SOURCE DATA

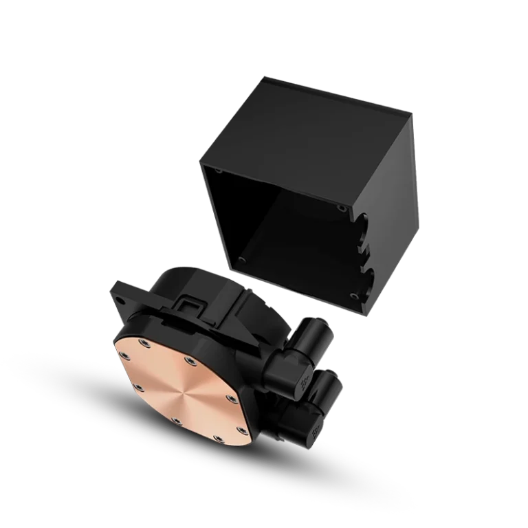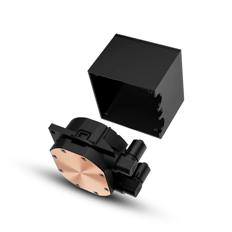 The OC PLUS V1.0 pump uses a ceramic shaft and ceramic sleeve design for long-lasting durability, improved stability, and low noise levels. Its optimized micro-channel cold plate provides ultra-precision coolant flow for maximum heat dissipation.
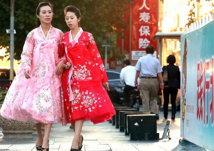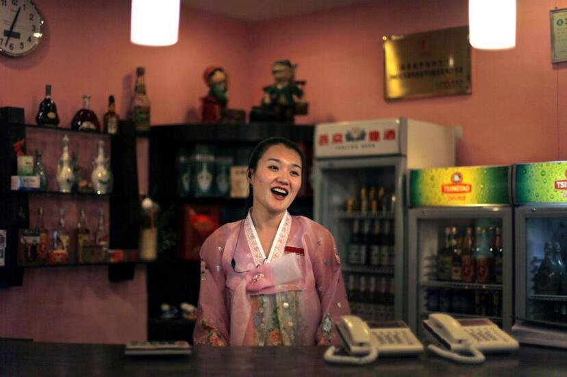 朝鮮餐廳的服務(wù)員在表演歌舞。
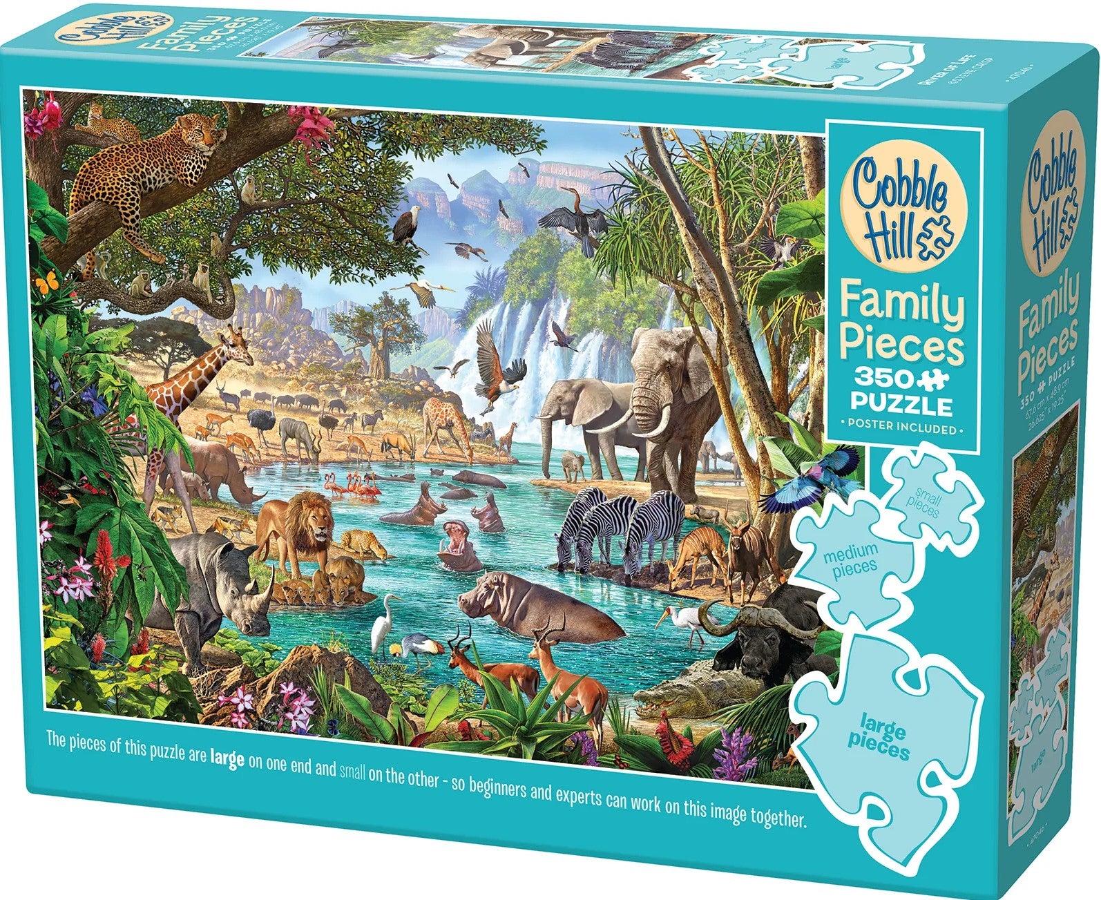 Family Pieces 350 puzzles include three different piece sizes so puzzlers of all skill levels can collaborate. The large pieces are on one end of the puzzle, the medium in the middle, and the small pieces on the other end. While these puzzles are designed for families, don't let that stop you from enjoying it on your own! It's also a great option for newer puzzlers who want to step up from a 275 piece puzzle, but not ready to jump into a 500 or 1000 piece. As well, skilled puzzlers enjoy this piece count when they need a little snack break.

EXERCISE
Go through the listing above and write it all out exactly, leaving out any picture.

FINISHED EXERCISE
 The OC PLUS V1.0 pump uses a ceramic shaft and ceramic sleeve design for long-lasting durability, improved stability, and low noise levels. Its optimized micro-channel cold plate provides ultra-precision coolant flow for maximum heat dissipation.
 朝鮮餐廳的服務(wù)員在表演歌舞。
 Family Pieces 350 puzzles include three different piece sizes so puzzlers of all skill levels can collaborate. The large pieces are on one end of the puzzle, the medium in the middle, and the small pieces on the other end. While these puzzles are designed for families, don't let that stop you from enjoying it on your own! It's also a great option for newer puzzlers who want to step up from a 275 piece puzzle, but not ready to jump into a 500 or 1000 piece. As well, skilled puzzlers enjoy this piece count when they need a little snack break.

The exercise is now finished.